• [WORK REQUIRED]:
Reproduce the opening lines of the listing below exactly, stopping after the line that contains "Looking to elevate" and leaving out any pictures.

========

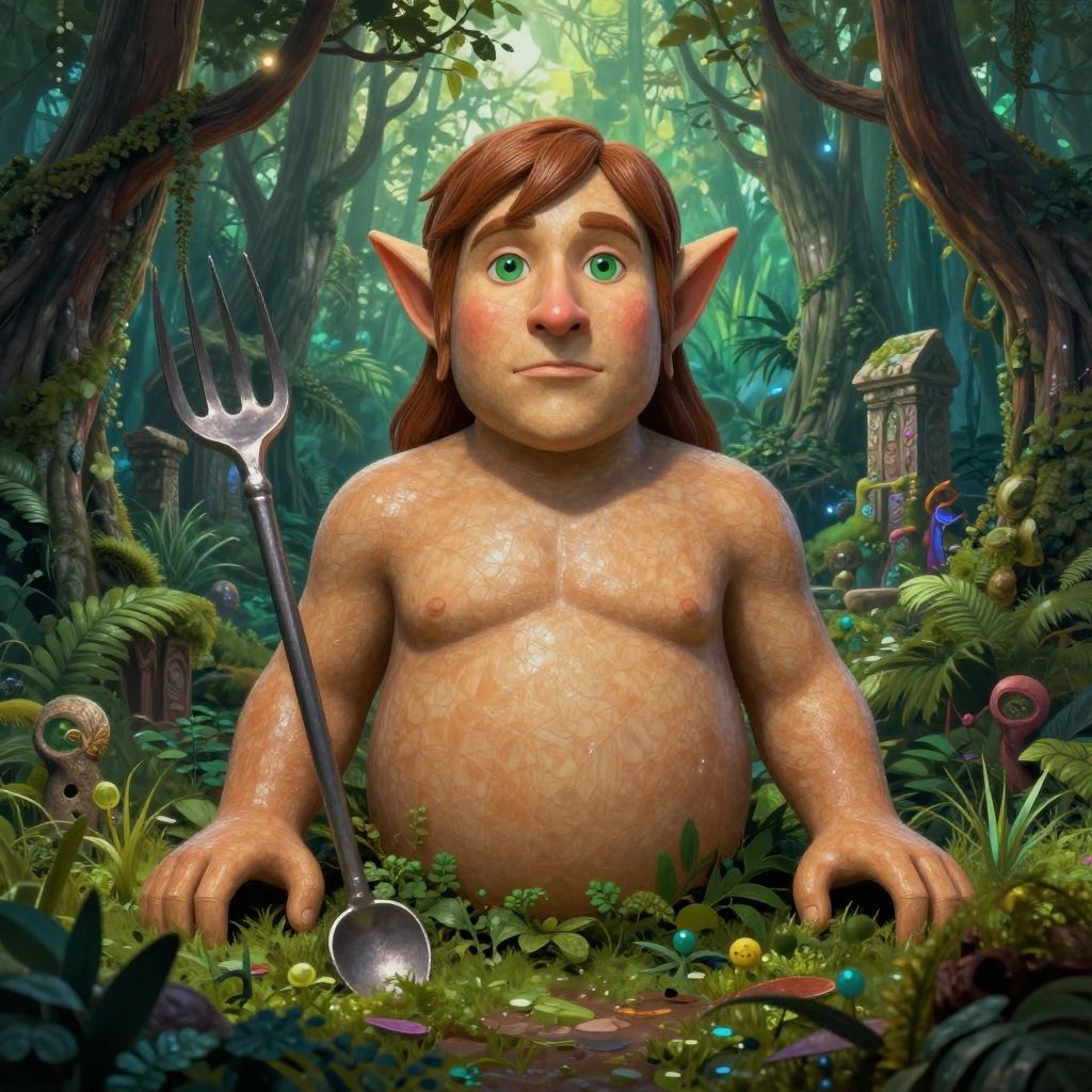 Portrait of a jolly green giant in an elaborate sprout costume, featuring textured leaf patterns and dew drops, set against a surreal landscape of towering plants and colorful flora, digital painting with rich detail and warm lighting.
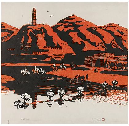 郝 斌:的確,古元延安時期的木刻創(chuàng)作呈現(xiàn)出獨特的抗戰(zhàn)藝術視角。他的作品通過對后方革命根據(jù)地生產(chǎn)建設、軍民生活等戰(zhàn)時日常的藝術再現(xiàn),豐富了抗戰(zhàn)主題的表現(xiàn)維度,拓展了我們對全民族抗戰(zhàn)歷史圖景的認知。您剛剛談到了古元后續(xù)相關創(chuàng)作,再將我們引向“頌黃河——古元與《黃河頌》組畫研究展”所展出古元晚年創(chuàng)作的大量延安、黃河主題作品。我注意到,古元在此系列創(chuàng)作中特別試圖去表現(xiàn)抗日戰(zhàn)爭時期的延安、黃河風景,而非直接描繪眼前的自然景觀。古元當時的創(chuàng)作追求是什么?
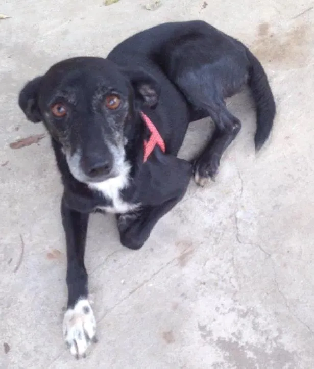 Uma noite encontramos essa cachorra, estava muito magra e parecia doente. Não temos onde abrigar e procuro o dono dela ou alguém que queira ficar com ela. Ela é muito dócil e brincalhona. Parece ser nova.
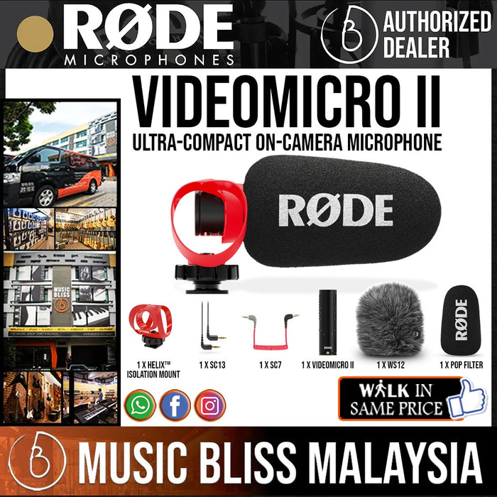 Looking to elevate the audio quality of your video production? The Rode VideoMicro II camera-mount shotgun condenser microphone delivers full-bodied sound, with a hyper-focused supercardioid polar pattern that’s ideal for recording speech and interviews. This lightweight and compact microphone boasts a cutting-edge HELIXTM isolation mount system that all but eliminates the handling noise that can often be a challenge when recording with camera-mount microphones. What’s more, the VideoMicro II is a breeze to use — simply connect to your camera or smartphone with one of the included TRS patch cables and start recording. A set of deluxe foam and furry windshields complete the package, adding up to a powerful camera-mount microphone that’s a must-have for content creators searching for a plug-and-play way to achieve top-tier sound.
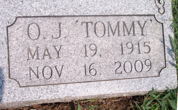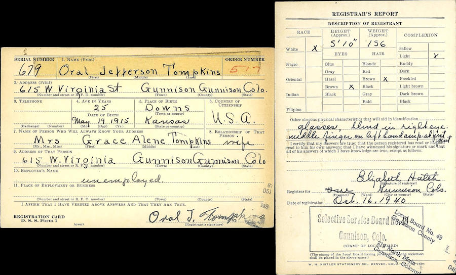 Birth Born on May 09, 1915 in Downs, Osborne Co., KS Death Died on November 16, 2009 in Springfield, Greene Co., MO Buried in Lone Star Cemetery in Mountain Grove, Wright Co., MO Marriages NICHOLS, Helen Marion Married on November 28, 1988 in Mountain Grove, Wright Co., MO Notes Occupation: Welder/ Electrician/ Miner/ Snake Hunter Obituary: Funeral services for Oral "Tom" Tompkins, were held on Friday, November 20, 2009 in the Craig-Hurtt Chapel with Rev. Greg Thompson officiating. Stephanie Gaston served as singer. Song selections were "Amazing Grace," "How Great Thou Art," and "I'll Fly Away." Pallbearers were Paul Gaston, Tommie Gaston, Harland Mayfield, Evan Tyrrell, Nicholas Moody and Leonard Sanders. Burial was in the Lone Star Cemetery under the direction of the Craig-Hurtt Funeral Home, Mountain Grove, Mo. Oral J. "Tom" Tompkins, son of the late Ervin Erskine and Lola Belle (Hawley) Tompkins, was born on May 9, 1915 in Kansas and departed this life on Monday, November 16, 2009 in the Manor Care Nursing Center in Springfield, Mo. He was 94 years, 6 months and 7 days of age. Tom grew up in the Gunnison, Co. area and graduated from Gunnison High School. He was united in marriage to Grace Yoder on July 9, 1938 in Gunnison, Co. Three children were born to this union. Following Tom's retirement in 1977, they moved to Mountain Grove, Mo. Mrs. Tompkins passed away on February 5, 1988. Following the death of Grace, in the fall of 1988 he married Helen M. "Penny" Nichols. They lived on Frisco Street in Mountain Grove for many years before making their home in the Autumn Oaks Caring Center. Tom was employed as a welder in the shipyards during World War II. He had various jobs over the years, such as; an electrician, miner, and hunting snakes. He also had his Pastor's license. Tom had several hobbies throughout his life. He enjoyed playing the drums in area bands and woodworking. While his health permitted, he attended the Pentecostal Lighthouse Church in Mountain Grove where he enjoyed visiting with his many friends. Besides his parents and his first wife, he was preceded in death by one brother, Clyde; and by one sister, Eilene. He is survived by his two sons, Scott Tompkins and his wife, Sandy, of Hawaii, and Bernie Tompkins and his wife, Debbie, of Arlington, Texas; one daughter, Lillie Gaston and her husband, Paul, of Mountain Grove and North Fort Myers, Florida; his wife, Helen "Penny" Tompkins of Mountain Grove; nine grandchildren, Tommie, Shona, Joy, Rocky, Bonnie, Melody, Traci, Nikki, and Christi; nine great grandchildren, Marinda, Nick, Stephanie, LeAnna, Cody, Morgan, Bailey, Kaeden, and Elijah; one great great grandchild, Peyton; one sister, Elsie Martin of Colorado; and a host of other relatives and friends who will miss him very much. Online Condolences: www.craighurttfuneralhome.com Images Oral Tompkins Oral Tompkins WW2 Draft
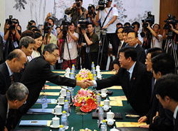 海協會會長陳云林與海基會董事長江丙坤舉行會談
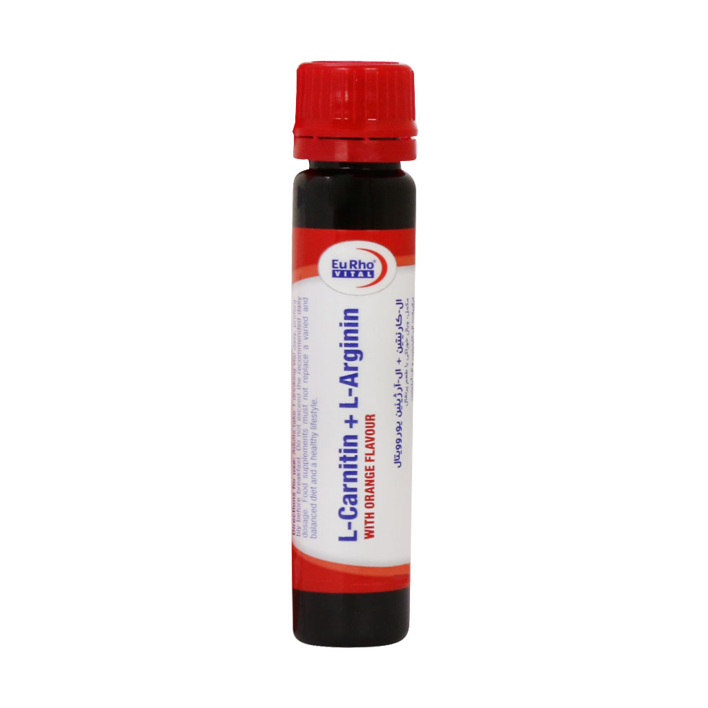 ویال ال کارنیتین و ال آرژنین یورویتال حاوی 1000 میلی گرم از دو اسید آمینه ال کارنیتین و ال آرژنین بوده که به متابولیسم چربیها، افزایش انرژی بدن، افزایش قوای جنسی و عضله سازی کمک موثری میکند. خرید ال کارنیتین و مصرف آن به تنهایی در چربی سوزی و لاغری نقش دارد ولی میتوان گفت مصرف همزمان ال کارنیتین و ال آرژنین با یکدیگر بیش از هر چیز در چربی سوزی و لاغری موثر است.
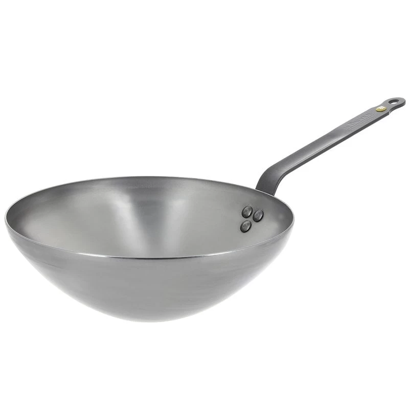 The robust and lightweight carbon steel pans can withstand high temperatures, are excellent for caramelizing food, and stay hot for long. When used regularly, the pan will turn darker and develop a natural non-stick surface – the blacker it gets, the less it sticks. You can also season the pan every now and then. Mineral B pans have been manufactured in France.
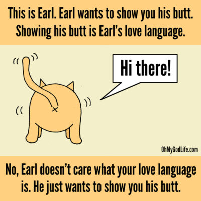 Everyone communicates love in different ways. When I realize this, I can find love everywhere. I can see that everyone wants love. Everyone wants to express love. They just have different – and sometimes funny – ways of expressing it. Keeping my eyes out for love in every action and expression makes me more able to receive it. Then, full of love, I can blast it out to the world. Thank you, Earl!

========

• [RESULT FOR THIS EXERCISE]:
 Portrait of a jolly green giant in an elaborate sprout costume, featuring textured leaf patterns and dew drops, set against a surreal landscape of towering plants and colorful flora, digital painting with rich detail and warm lighting.
 郝 斌:的確,古元延安時期的木刻創(chuàng)作呈現(xiàn)出獨特的抗戰(zhàn)藝術視角。他的作品通過對后方革命根據(jù)地生產(chǎn)建設、軍民生活等戰(zhàn)時日常的藝術再現(xiàn),豐富了抗戰(zhàn)主題的表現(xiàn)維度,拓展了我們對全民族抗戰(zhàn)歷史圖景的認知。您剛剛談到了古元后續(xù)相關創(chuàng)作,再將我們引向“頌黃河——古元與《黃河頌》組畫研究展”所展出古元晚年創(chuàng)作的大量延安、黃河主題作品。我注意到,古元在此系列創(chuàng)作中特別試圖去表現(xiàn)抗日戰(zhàn)爭時期的延安、黃河風景,而非直接描繪眼前的自然景觀。古元當時的創(chuàng)作追求是什么?
 Uma noite encontramos essa cachorra, estava muito magra e parecia doente. Não temos onde abrigar e procuro o dono dela ou alguém que queira ficar com ela. Ela é muito dócil e brincalhona. Parece ser nova.
 Looking to elevate the audio quality of your video production? The Rode VideoMicro II camera-mount shotgun condenser microphone delivers full-bodied sound, with a hyper-focused supercardioid polar pattern that’s ideal for recording speech and interviews. This lightweight and compact microphone boasts a cutting-edge HELIXTM isolation mount system that all but eliminates the handling noise that can often be a challenge when recording with camera-mount microphones. What’s more, the VideoMicro II is a breeze to use — simply connect to your camera or smartphone with one of the included TRS patch cables and start recording. A set of deluxe foam and furry windshields complete the package, adding up to a powerful camera-mount microphone that’s a must-have for content creators searching for a plug-and-play way to achieve top-tier sound.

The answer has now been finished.